Note: Iceland also sits above a mantle plume, or hot spot, where hot magma wells up from deep in the Earth’s mantle. The interaction of these two types of volcanism, over the last 15 million years or more, has created the island of Iceland.

Destructive plate boundary volcanoes

Destructive, or convergent, plate boundaries are where the tectonic plates are moving towards each other. Volcanoes form here in two settings where either oceanic plate descends below another oceanic plate or an oceanic plate descends below a continental plate. This process is called subduction and creates distinctive types of volcanoes depending on the setting:

• ocean-ocean subduction produces an island-arc volcano
• ocean-continent subduction produces Andean-type volcanoes

Volcanoes can form at subduction zones where tectonic plates are moving towards each other and one plate descends beneath the other. This illustration shows ocean-continent subduction. BGS © UKRI.

Subduction provides a mechanism for introducing water-bearing sediments into the mantle. As the subducted oceanic plate sinks and heats up, water is gradually released from the sediments and minerals within the plate ‘slab’. Water has the effect of reducing the melting temperature of the mantle by about 60–100°C. It is this process that allows the generation of magma at depth that feeds volcanoes that are formed at the surface.

Note: There is a third setting of destructive boundary: continent-continent. Here, the pushing together of two continental plates results in the mountain forming processes that shaped, for example, the Alps and Himalayas.

Hot-spot volcanism

Volcanoes can also form above a column of superheated magma called a mantle plume. This may happen in areas that are distant from plate boundaries. It is also referred to as hot spot or intraplate volcanism.

Heat from the mantle plume causes melting and thinning of the crust, which leads to volcanic activity at the surface. The Hawai’ian Islands are a chain of volcanoes in the middle of the Pacific Plate, which have formed due to the presence of a hot spot. The Hawai’ian hot spot causes magma to rise and erupt as lava on the ocean floor. Over millions of years, the Pacific Plate has moved over the hot spot, creating a chain of volcanic islands.
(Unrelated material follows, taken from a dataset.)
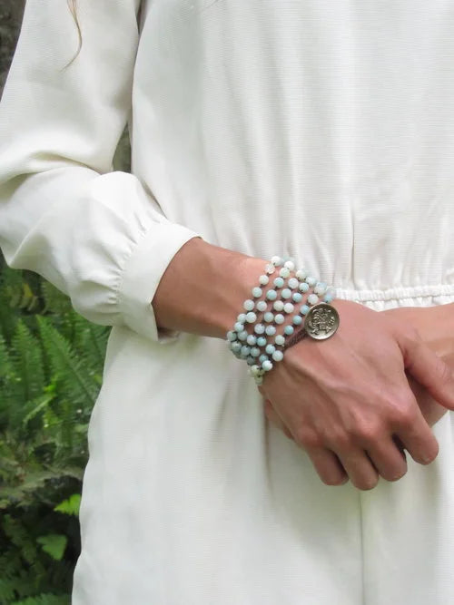 Soft, pale blues of this mid size amazonite stone are crocheted closely together on chocolate brown cording for a subtle hint of color. Wear as a choker or wrapped around the wrist 5-6 times for a more layered look.
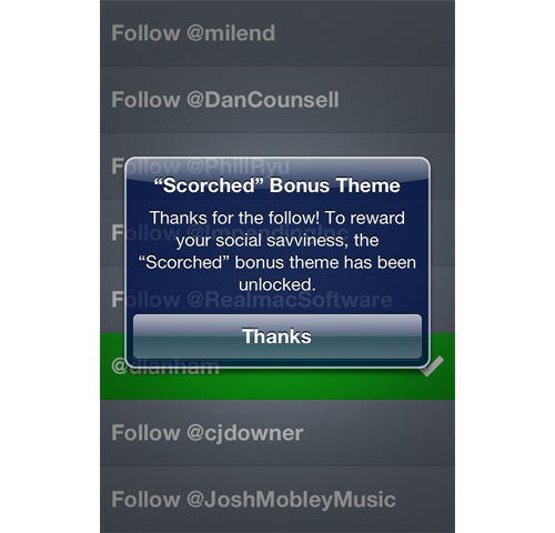 另外,如果你follow了Clear開發(fā)者的Twitter帳號(hào),那么還能獲取另外一款獎(jiǎng)勵(lì)主題。這個(gè)彩蛋的作用依然在于傳播。人們會(huì)分享他們的熱忱,甚至談?wù)撍麄儷@得或是錯(cuò)過了哪些主題。

This simple schematic diagram shows the movement of the tectonic plate (light brown) over a mantle plume, or hot spot, to produce a chain of volcanic islands. The superheated magma rises through the mantle (yellow), melts the crust above (brown) and flows on to the surface forming a volcano. Typically, hotspot volcanoes are formed with ‘runny’ lava and have a flatter, less cone-like, profile and are called shield volcanoes. Diagram not to scale. © Public domain.